■ TRY IT:
Reproduce the records below exactly, but only between the lines holding "Kuhanu breskvu s" and "Zseléstoll UNI UM-120SP", inclusive.

■ INFORMATION:
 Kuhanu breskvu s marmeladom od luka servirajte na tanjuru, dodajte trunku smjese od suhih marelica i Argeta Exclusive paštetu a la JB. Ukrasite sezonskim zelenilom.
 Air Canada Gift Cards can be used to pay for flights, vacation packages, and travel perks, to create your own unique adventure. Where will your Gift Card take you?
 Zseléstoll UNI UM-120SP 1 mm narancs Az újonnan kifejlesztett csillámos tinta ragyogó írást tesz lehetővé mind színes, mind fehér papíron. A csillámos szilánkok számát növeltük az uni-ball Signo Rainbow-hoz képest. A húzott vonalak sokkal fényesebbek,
---
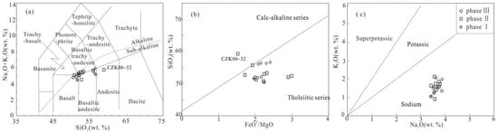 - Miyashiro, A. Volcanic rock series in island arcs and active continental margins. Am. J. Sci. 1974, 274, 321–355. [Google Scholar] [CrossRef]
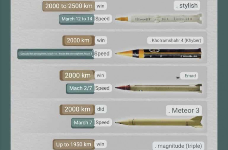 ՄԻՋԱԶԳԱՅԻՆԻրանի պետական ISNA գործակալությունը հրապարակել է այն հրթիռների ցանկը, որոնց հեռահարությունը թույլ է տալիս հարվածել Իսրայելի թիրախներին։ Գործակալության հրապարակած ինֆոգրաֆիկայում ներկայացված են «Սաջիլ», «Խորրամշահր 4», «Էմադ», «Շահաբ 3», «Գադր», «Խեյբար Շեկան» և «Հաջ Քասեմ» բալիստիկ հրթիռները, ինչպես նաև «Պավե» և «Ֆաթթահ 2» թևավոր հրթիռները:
==
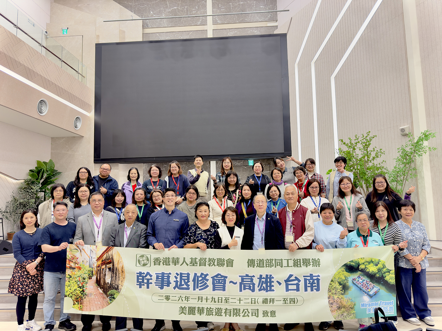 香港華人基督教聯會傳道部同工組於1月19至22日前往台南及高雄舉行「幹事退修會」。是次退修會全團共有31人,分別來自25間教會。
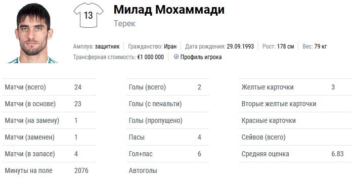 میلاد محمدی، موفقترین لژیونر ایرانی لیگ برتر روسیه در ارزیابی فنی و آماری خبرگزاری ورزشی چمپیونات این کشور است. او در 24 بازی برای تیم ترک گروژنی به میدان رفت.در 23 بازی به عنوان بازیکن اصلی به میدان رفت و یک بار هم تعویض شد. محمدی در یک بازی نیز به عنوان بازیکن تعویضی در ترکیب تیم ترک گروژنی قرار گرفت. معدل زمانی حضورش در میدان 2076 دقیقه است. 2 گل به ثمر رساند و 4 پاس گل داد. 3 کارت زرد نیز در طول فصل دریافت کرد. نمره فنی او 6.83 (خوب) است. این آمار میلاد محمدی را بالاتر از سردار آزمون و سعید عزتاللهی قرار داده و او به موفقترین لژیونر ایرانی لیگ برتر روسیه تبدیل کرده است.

■ REPLY:
 Kuhanu breskvu s marmeladom od luka servirajte na tanjuru, dodajte trunku smjese od suhih marelica i Argeta Exclusive paštetu a la JB. Ukrasite sezonskim zelenilom.
 Air Canada Gift Cards can be used to pay for flights, vacation packages, and travel perks, to create your own unique adventure. Where will your Gift Card take you?
 Zseléstoll UNI UM-120SP 1 mm narancs Az újonnan kifejlesztett csillámos tinta ragyogó írást tesz lehetővé mind színes, mind fehér papíron. A csillámos szilánkok számát növeltük az uni-ball Signo Rainbow-hoz képest. A húzott vonalak sokkal fényesebbek,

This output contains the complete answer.